FIG. 3 is a flowchart of an example process 300 for adjusting confidence values according to embodiments of the present disclosure. Process 300 can be performed by the confidence adjustment module 110 at block 206 of process 200. In particular, the steps of process 300 are performed on the candidate predictions and associated confidence values that are generated by the one or more OCR engines of the text extraction module 108. At block 302, confidence adjustment module 110 identifies a candidate extraction for an entity within the received document. For example, the confidence adjustment module 110 can identify that “4567” is a candidate prediction for the last four digits of a credit card number on a receipt.
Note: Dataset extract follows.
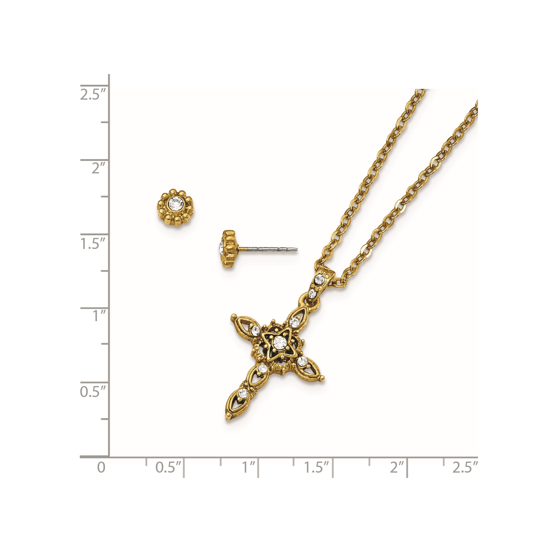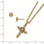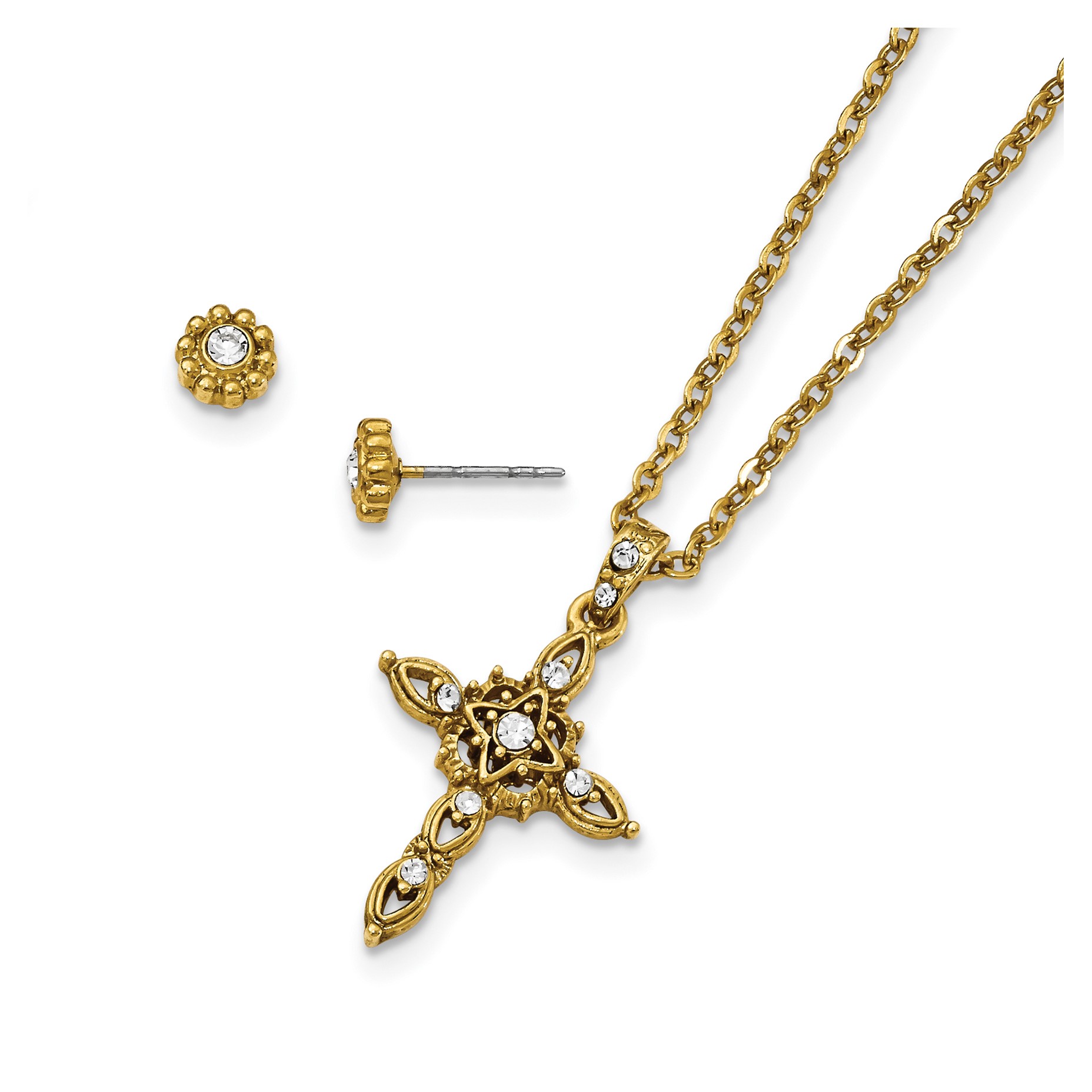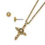Gold-tone Crystal 16in with 3in ext Cross Necklace with Post Earrings Set

At block 304, the confidence adjustment module 110 compares the candidate prediction to historical records associated with the user from which the receipt was submitted. For example, the confidence adjustment module 110 can query the database 118 for records and/or statistics associated with the user (e.g., via ID, name, SSN, or other identifiers). At block 306, the confidence adjustment module 110 identifies a historical record matching the candidate prediction. For example, the confidence adjustment module 110 can identify that 95% of the user's purchases in the historical records use the credit card ending in “4567.” At block 308, the confidence adjustment module 110 adjusts the confidence value of the candidate prediction based on the probability associated with the matching historical record, such as by adjusting, if the confidence value is lower than the matched probability, the confidence value to equal the probability.
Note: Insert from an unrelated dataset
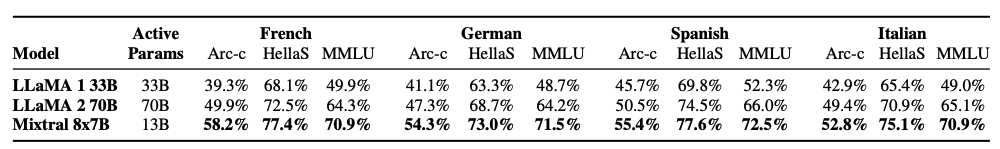 The table below shows the capabilities of Mixtral for multilingual understanding and how it compares with Llama 2 70B for languages like Germany and French.

FIG. 4 is a flowchart of an example process 400 for computing a cross-entity likelihood according to embodiments of the present disclosure. Process 400 can be performed by the cross-entity likelihood module 112 at block 208 of process 200. In particular, the steps of process 400 are performed on the candidate predictions that are generated by the one or more OCR engines of the text extraction module 108. At block 402, the cross-entity likelihood module 112 identifies a candidate prediction for each of a first and second entity of the received document. For example, the cross-entity likelihood module 112 can identify “McDonalds®” as a candidate prediction for a vendor entity and $100 as a candidate prediction for an amount entity. At block 404, the cross-entity likelihood module 112 compares the candidate predictions to historical records associated with a plurality of users from the database 118. For example, the cross-entity likelihood module 112 can determine that, within the historical records, $100 was spent at McDonalds® less than 1% of the time. At block 406, the cross-entity likelihood module 112 computes a cross-entity likelihood based on the historical records. For example, the cross-entity likelihood module 112 could set the value of the likelihood to the associated probability found in the previous block.
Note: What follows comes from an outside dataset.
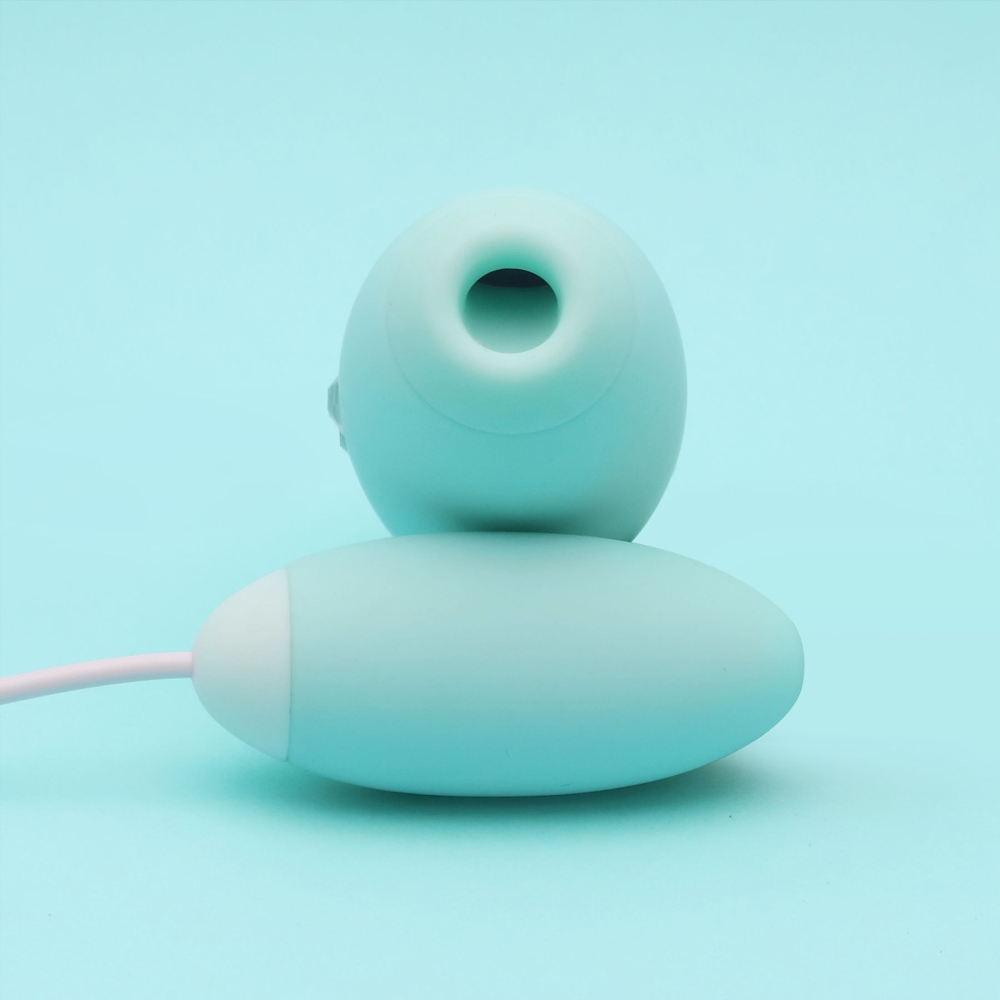 Вакуумный стимулятор для клитора-виброяйцо KissToy Miss VV Cyan Avokado

FIG. 5 shows an example graph 500 according to some embodiments of the present disclosure. The graph 500 can be used for context-aware text extraction of a receipt (or other document) that includes a price entity, a date entity, a text entity, and a vendor entity (original document is not shown). The graph 500 includes various candidate predictions for each entity, such as price candidate predictions 501a-501c, text candidate predictions 502a-b, vendor candidate predictions 503a-b, and a date candidate prediction 504. Each candidate prediction has an associated confidence value (value not shown). In addition, the graph 500 includes a plurality of edges (i.e., the lines) that connect each candidate prediction with the other possible candidate predictions. All candidate predictions are connected to the candidate from different entities.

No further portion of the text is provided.